◆ **PROMPT**
Please write out exactly the lines from the one with "根据数据统计,通过Qi2认证" through the end of the data below, both ends included, and omit any pictures.

◆ **INFORMATION PROVIDED**

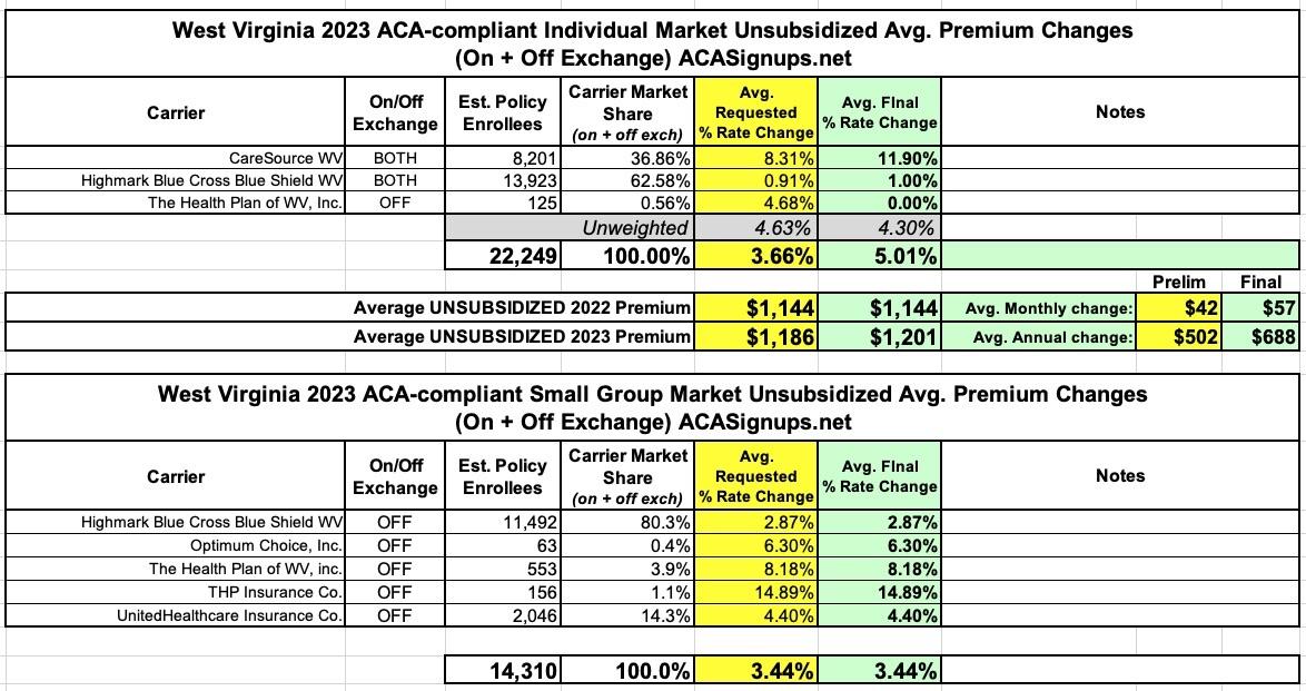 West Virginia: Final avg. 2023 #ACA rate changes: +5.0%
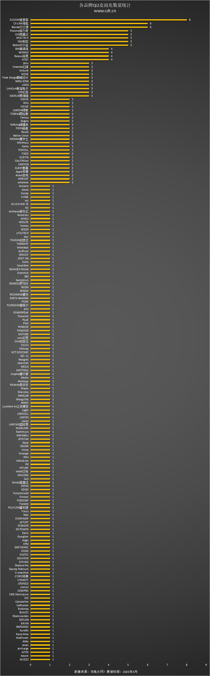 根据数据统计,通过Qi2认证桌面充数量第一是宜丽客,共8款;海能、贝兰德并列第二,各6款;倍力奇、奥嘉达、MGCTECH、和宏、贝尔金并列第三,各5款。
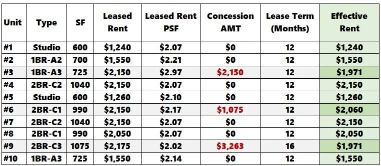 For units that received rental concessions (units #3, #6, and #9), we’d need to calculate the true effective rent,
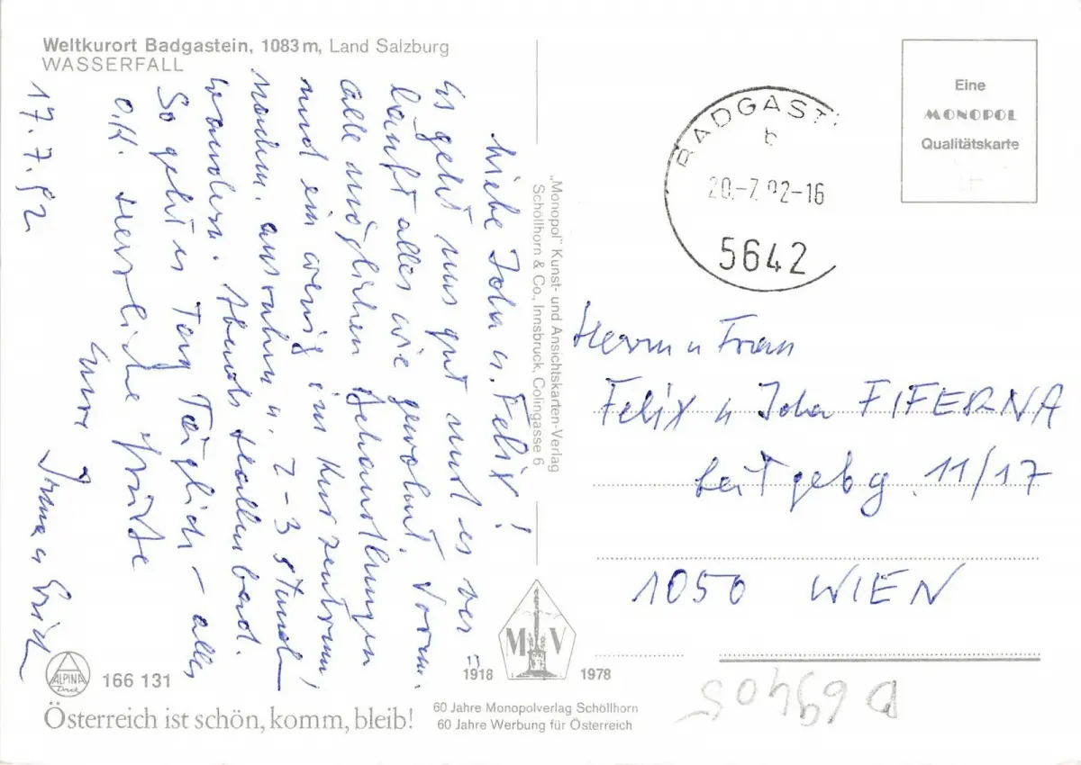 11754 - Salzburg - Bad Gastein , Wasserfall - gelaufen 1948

◆ **REPLY TO THE EXERCISE**
 根据数据统计,通过Qi2认证桌面充数量第一是宜丽客,共8款;海能、贝兰德并列第二,各6款;倍力奇、奥嘉达、MGCTECH、和宏、贝尔金并列第三,各5款。
 For units that received rental concessions (units #3, #6, and #9), we’d need to calculate the true effective rent,
 11754 - Salzburg - Bad Gastein , Wasserfall - gelaufen 1948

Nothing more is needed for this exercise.